Why Multicollinearity Is a Problem

In ordinary least squares (OLS), the model tries to estimate a coefficient vector $\hat{\beta}$ that best fits the data:

$$
\hat{\beta}_{\text{OLS}} = (X^T X)^{-1} X^T y
$$

Here:

$X$ is the design matrix
$y$ is the target vector
$\beta$ is the vector of true coefficients

When features are highly correlated, some columns of $X$ are close to being linear combinations of others. That makes $X^T X$ nearly singular, which means its inverse becomes numerically unstable. Once that happens, the coefficient estimates can swing dramatically even when the data changes only a little.

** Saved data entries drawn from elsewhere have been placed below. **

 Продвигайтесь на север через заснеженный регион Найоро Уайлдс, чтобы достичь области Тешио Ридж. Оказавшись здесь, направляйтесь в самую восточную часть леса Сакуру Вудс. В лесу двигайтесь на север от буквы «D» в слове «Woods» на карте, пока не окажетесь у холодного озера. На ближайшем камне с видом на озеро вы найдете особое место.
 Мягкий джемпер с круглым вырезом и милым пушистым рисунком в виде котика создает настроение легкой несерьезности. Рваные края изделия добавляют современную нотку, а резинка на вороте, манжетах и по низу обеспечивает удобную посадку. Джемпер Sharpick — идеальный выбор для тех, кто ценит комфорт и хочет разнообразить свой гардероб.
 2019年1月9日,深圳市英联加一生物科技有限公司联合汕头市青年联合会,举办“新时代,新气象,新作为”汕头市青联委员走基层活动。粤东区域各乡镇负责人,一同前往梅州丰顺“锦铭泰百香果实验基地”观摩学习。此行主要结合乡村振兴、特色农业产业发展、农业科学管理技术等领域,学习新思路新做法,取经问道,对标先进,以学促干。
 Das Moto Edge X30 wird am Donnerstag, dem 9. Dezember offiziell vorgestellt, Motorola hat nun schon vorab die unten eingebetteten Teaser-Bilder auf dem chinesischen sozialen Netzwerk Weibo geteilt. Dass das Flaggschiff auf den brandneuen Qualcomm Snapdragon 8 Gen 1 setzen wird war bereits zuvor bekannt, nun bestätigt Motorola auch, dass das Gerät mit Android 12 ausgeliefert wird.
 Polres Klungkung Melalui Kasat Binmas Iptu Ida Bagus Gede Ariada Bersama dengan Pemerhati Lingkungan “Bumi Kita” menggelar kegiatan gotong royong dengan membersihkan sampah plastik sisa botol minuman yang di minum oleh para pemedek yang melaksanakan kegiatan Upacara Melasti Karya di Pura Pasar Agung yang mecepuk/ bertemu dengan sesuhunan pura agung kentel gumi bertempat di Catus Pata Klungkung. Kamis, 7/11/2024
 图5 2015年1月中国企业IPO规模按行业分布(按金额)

The practical consequence is important:

Coefficients become unstable
Standard errors become large
Interpretation becomes unreliable
Predictions may still look reasonable

That last point is what makes multicollinearity tricky. A model can appear to work while the coefficient values themselves are not trustworthy.

The Statistical View

Assume the usual linear model:

$$
y = X\beta + \varepsilon, \qquad \mathrm{Var}(\varepsilon) = \sigma^2 I
$$

Under these assumptions, the variance of the OLS estimator is:

$$
\mathrm{Var}(\hat{\beta}_{\text{OLS}}) = \sigma^2 (X^T X)^{-1}
$$

This equation is the core of the story. Multicollinearity shows up inside $(X^T X)^{-1}$. If $X^T X$ is close to singular, the entries of its inverse can become very large, and the variance of the coefficient estimates grows with them.

In other words:

$$
\text{multicollinearity} \Rightarrow X^T X \text{ nearly singular} \Rightarrow (X^T X)^{-1} \text{ large} \Rightarrow \mathrm{Var}(\hat{\beta}) \text{ large}
$$

The estimator is still unbiased under the standard assumptions, but it becomes high-variance and unstable.

Geometric Intuition

You can think of the columns of $X$ as directions in feature space.

When the columns are well separated, the regression problem has a clear geometric shape, and the model can determine how much weight belongs to each direction. When columns are nearly dependent, that shape becomes thin and nearly flat. Many different coefficient vectors produce almost the same predictions.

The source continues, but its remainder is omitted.